Connettersi al cosmo

Il primo murale del nuovo NASA Art Program ispirato alla Generazione Artemis

Josephine Condemi
una storia scritta da
Josephine Condemi
 
 
Connettersi al cosmo

Cosa lega il calendario Maya, i registri akashici e le nuove missioni NASA? Lo abbiamo chiesto a Geraluz e Werc, autori del nuovo murale a Hudson Street, Manhattan, il primo ispirato alla generazione che vedrà la prima donna andare sulla Luna entro il 2026 e poi su Marte negli anni Trenta

Hudson Street è una lunga strada nell’isola di Manhattan, il cuore di New York. Prende il nome dal fiume Hudson, che le scorre a ovest in parallelo. Parte da Tribeca, l’esclusivo quartiere residenziale tra Soho, l’area del World Trade Center e Canal Street, e arriva al Greenwich Village, sede della controcultura beat e ancora oggi piena di teatri off-Broadway. Dal 23 settembre 2024, a metà di questa strada, al numero 350, sorge la prima opera del nuovo Art Program della NASA, che dal 1962 finanzia opere artistiche ispirate alle proprie missioni. Al centro del bando per artisti newyorkesi, lanciato lo scorso giugno in collaborazione con The Hudson Square Business Improvement District, la Generazione Artemis: ovvero, la generazione che vedrà la prima donna e i prossimi uomini sbarcare prima sulla Luna entro il 2026 e poi, negli anni Trenta, su Marte. Dopo la prima breve missione senza equipaggio, Artemis I, compiuta tra novembre e dicembre 2022, la prossima, con a bordo quattro persone, è prevista a settembre 2025. Fino a quella data, il murales in due parti di Hudson Street sarà affiancato da ulteriori opere di arte pubblica, prima a Washington DC e poi, nel 2025, in altre aree degli Stati Uniti.

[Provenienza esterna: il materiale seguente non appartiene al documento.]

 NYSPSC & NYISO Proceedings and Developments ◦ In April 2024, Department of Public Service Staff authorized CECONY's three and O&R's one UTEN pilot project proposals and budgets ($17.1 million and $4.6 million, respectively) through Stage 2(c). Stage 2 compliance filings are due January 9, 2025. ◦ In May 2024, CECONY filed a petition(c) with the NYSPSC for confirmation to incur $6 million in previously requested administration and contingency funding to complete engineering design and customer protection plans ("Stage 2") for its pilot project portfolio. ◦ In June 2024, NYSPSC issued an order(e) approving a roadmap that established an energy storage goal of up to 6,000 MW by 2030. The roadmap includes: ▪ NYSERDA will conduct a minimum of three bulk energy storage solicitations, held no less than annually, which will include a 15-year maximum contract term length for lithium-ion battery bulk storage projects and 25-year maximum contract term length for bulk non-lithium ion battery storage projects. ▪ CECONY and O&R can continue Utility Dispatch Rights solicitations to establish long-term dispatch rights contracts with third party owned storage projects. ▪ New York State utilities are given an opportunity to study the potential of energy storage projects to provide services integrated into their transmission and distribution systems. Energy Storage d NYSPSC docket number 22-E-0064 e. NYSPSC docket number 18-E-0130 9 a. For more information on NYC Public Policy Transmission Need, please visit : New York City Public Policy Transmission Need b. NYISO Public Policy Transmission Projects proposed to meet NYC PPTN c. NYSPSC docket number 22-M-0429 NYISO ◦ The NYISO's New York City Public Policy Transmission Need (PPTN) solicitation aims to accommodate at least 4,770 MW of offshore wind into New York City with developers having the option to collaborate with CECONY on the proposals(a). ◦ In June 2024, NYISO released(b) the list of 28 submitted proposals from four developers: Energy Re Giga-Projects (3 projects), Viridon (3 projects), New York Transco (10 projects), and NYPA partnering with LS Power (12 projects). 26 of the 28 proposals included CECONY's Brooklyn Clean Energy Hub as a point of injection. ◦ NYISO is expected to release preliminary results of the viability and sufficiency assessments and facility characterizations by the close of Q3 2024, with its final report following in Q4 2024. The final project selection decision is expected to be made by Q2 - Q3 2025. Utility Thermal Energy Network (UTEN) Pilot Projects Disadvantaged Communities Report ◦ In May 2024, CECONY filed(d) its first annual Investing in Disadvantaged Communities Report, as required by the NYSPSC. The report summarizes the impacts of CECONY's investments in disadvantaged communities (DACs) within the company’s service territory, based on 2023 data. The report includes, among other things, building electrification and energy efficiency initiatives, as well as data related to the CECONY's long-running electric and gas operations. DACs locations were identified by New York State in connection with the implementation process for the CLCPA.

Ma “To the Moon, and Back” è la prima, realizzato dagli artisti Geraluz e Werc: nata nella giungla amazzonica del Perù e cresciuta in quella urbana di Newark, nel New Jersey, lei, nato in Messico e cresciuto a El Paso, in Texas, lui, vivono entrambi a Brooklyn. Li abbiamo incontrati.

Come vi siete conosciuti? E quando avete deciso di fare arte insieme?

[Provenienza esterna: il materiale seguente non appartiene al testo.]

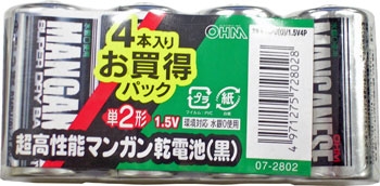OHM マンガン 黒 単2形 4本パック [品番]07-2802

Jari “Werc” Alvarez e Gera “Geraluz” Lozano sono artisti di Brooklyn. Werc studia l’arte pubblica come luogo di pratica spirituale, mettendo in gioco figure mitiche concettuali e reimmaginando il nostro legame con la natura e la conoscenza ancestrale. Creando un ponte tra mondi diversi, Werc attinge alla saggezza mesoamericana che rafforza le connessioni con gli aspetti trascendenti della nostra esistenza. Geraluz è un agente della Madre Terra. Le sue opere d’arte si concentrano sul risvegliare le nozioni di femminilità e indigeneità attraverso modalità che incrociano media diversi. Il rituale indigeno di creazione di pattern nell’opera pubblica di Geraluz onora la terra ed è una performance di resistenza e conservazione, portando alla luce sia gli schemi sacri sia gli schemi nel nostro tessuto sociale. Le collaborazioni di GERALUZ e WERC includono il Dipartimento dei Trasporti di New York, l’Autorità Portuale di NJ/NY, Union Square, Authority NJ/NY, Union Square Partnership, Aeroporto di San Diego, Aeroporto Internazionale di Newark, Trust for Public Land, Washington State Art Commission, Sun Metro Transit System, Bulgari, Sony, Google, Toyota, Lufthansa, Valrhona e molti altri.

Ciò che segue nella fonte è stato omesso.